H.G. Sejamos realistas: não somos o ápice glorioso da evolução. A ciência e a medicina já nos permitem alterar o genoma, melhorar ou eliminar características, criar novas. A tecnologia pode criar entidades que nos superarão em muito. Isso não significa que vamos desaparecer, mas também não garante que os pós-humanos serão nossos descendentes diretos. Gostaríamos de nos reconhecer neles, mas não sabemos se ainda seremos nós.

XL. Antes que esse cenário chegue, não lhe preocupa que usemos a IA como quem invoca o gênio da lâmpada e acabemos nos tornando acomodados?

H.G. Com certeza. Apenas um avestruz que enfia a cabeça na terra deixaria todo o pensamento para as máquinas.

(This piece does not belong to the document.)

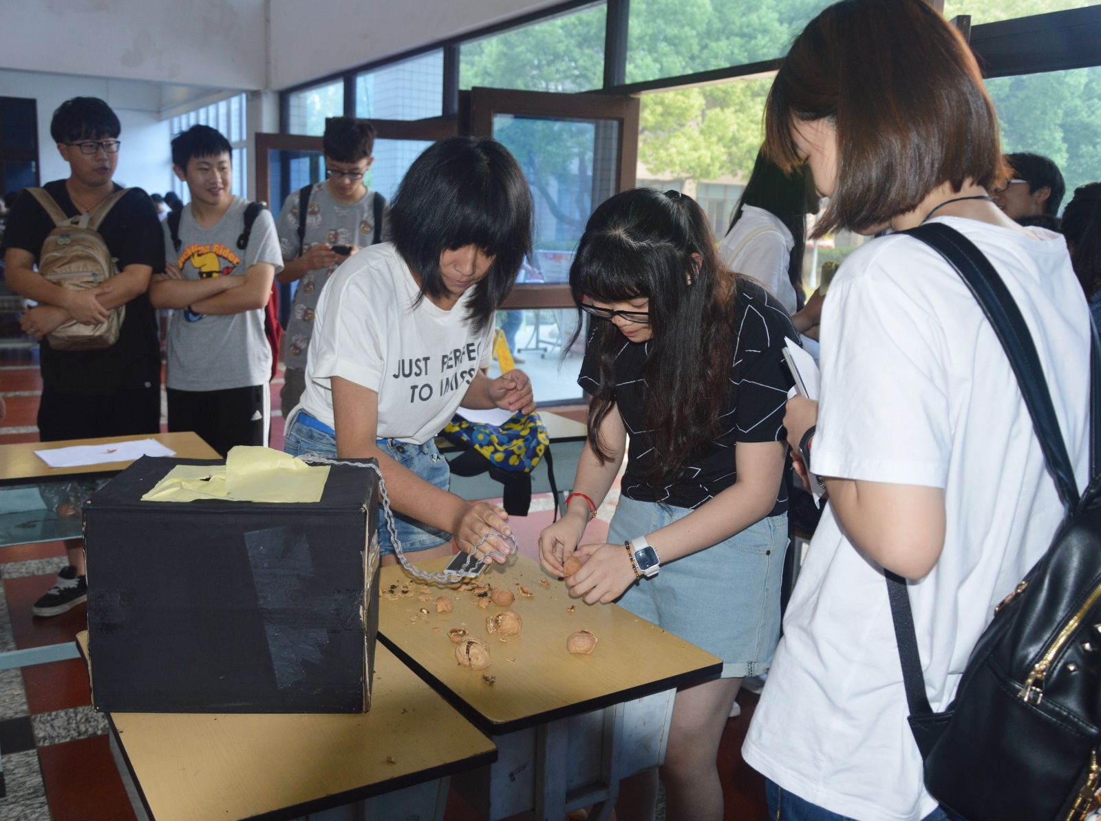 本次“奔跑吧,青春”生态节专辑活动内容是剥吃核桃比赛,由两位选手为一组进行比赛,在规定的时间内,一名选手通过原地“大象鼻子转圈”,然后从“恐怖箱”中取出核桃,剥开核桃,另一名选手负责吃核桃,以剥吃核桃的数量为基本评判标准进行评比。现场30名选手们在剥核桃的方法上各显身手,难分高低。最终生物152班蓝茜同学和环境151班丁诤杰同学取得此次活动第一名,生物152班郑佳志和生物152彭雅进同学、生物151班的奚东辉和生物151顾前悦同学分别取得第二、三名。

Precisamos educar as futuras gerações sobre como os algoritmos realmente funcionam, para que não sejam enganadas por seus produtos e recomendações, e para que saibam quando moderar seu uso ou até mesmo prescindir deles.

XL. Essa IA cada vez mais poderosa vai coexistir com gerações que nem sequer verificam o que ela diz, como se não se preocupassem muito se está errada ou se mente…

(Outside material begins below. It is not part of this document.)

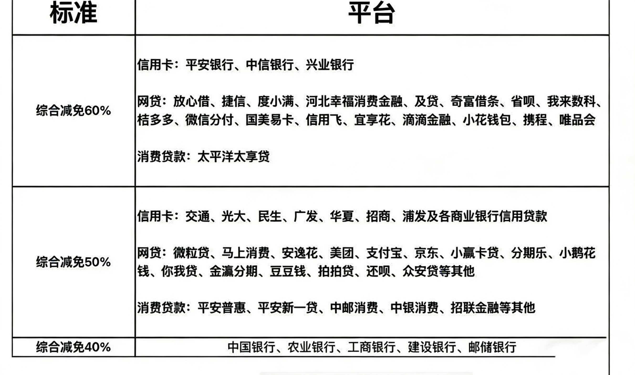 该商家发来的价目表显示,各类债务均可高额减免:中行、农行、工行、建行、邮储银行等五大国有银行信用卡可综合减免40%;多数股份制银行及主流网贷平台(如微粒贷、支付宝、美团、京东等)可减免50%;部分银行及网贷平台甚至可减免60%(如度小满、携程等)。

H.G. A raiz do problema está no uso equivocado da tecnologia, em transformá-la em um substituto da experiência humana. Quando se pede que listem os eventos mais importantes de suas vidas, muitos jovens não mencionam acontecimentos políticos, econômicos ou culturais; apenas as redes sociais. Porque lhes falta essa vivência real… Eles esperam que a vida funcione como um aplicativo de celular: rápida e eficiente, dizendo-lhes o que fazer e como se sentir. Mas a vida não funciona assim. Sempre há imprevistos, perdas… E superar as decepções é o que torna a vida valiosa.

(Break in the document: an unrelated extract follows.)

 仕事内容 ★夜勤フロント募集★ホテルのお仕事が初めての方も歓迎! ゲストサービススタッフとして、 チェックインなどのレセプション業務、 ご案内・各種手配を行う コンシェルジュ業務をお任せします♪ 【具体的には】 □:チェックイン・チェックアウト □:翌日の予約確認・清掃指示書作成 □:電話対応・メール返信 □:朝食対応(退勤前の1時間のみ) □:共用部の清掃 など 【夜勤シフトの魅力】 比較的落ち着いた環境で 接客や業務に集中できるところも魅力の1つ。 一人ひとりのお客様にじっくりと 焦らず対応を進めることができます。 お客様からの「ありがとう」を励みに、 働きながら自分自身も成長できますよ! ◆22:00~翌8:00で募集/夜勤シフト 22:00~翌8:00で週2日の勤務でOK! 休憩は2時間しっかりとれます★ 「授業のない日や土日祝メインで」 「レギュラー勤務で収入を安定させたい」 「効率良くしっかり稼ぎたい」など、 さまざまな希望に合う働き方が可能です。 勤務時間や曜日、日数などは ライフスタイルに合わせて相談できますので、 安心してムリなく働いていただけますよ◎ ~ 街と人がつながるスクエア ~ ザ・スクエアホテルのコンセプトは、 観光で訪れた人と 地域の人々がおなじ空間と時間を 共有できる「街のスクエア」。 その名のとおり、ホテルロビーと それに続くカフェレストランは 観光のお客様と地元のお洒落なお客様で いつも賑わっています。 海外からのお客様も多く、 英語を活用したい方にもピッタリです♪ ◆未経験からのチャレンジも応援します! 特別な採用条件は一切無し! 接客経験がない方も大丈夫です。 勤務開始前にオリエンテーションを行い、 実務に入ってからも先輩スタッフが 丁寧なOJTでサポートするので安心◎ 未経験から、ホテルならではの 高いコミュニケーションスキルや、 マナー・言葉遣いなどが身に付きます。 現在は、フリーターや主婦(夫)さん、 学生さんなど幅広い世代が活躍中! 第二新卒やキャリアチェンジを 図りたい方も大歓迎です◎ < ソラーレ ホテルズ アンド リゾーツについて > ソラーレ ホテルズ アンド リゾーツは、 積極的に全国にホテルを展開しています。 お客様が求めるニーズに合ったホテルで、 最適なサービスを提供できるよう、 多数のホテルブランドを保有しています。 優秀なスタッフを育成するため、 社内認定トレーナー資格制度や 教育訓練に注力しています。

XL. No entanto, apesar de serem nativos digitais, também não parecem muito preparados para não cair em fake news…

H.G. Então é hora de arregaçar as mangas! E não apenas os jovens. Eu me incluo nisso. Só porque há muita desinformação por aí, não devemos desanimar nem nos render. São tempos turbulentos que exigem um esforço extra. De todos nós.

XL. E o que podemos fazer?

H.G. Ajudá-los a desenvolver sua criatividade e pensamento crítico. A mente também precisa ir à academia. Se isso significa limitar o acesso aos celulares, especialmente na infância, sou a favor. A Austrália acabou de aprovar uma legislação nesse sentido. Mas os adultos ao redor também precisam fazer o mesmo. As crianças nunca ouvem o que você diz, mas sempre observam o que você faz… e o que você deixa de fazer.

XL. Quando uma criança pode gerar instantaneamente uma imagem ou corrigir seu texto com um clique, não se perde algo essencial no aprendizado?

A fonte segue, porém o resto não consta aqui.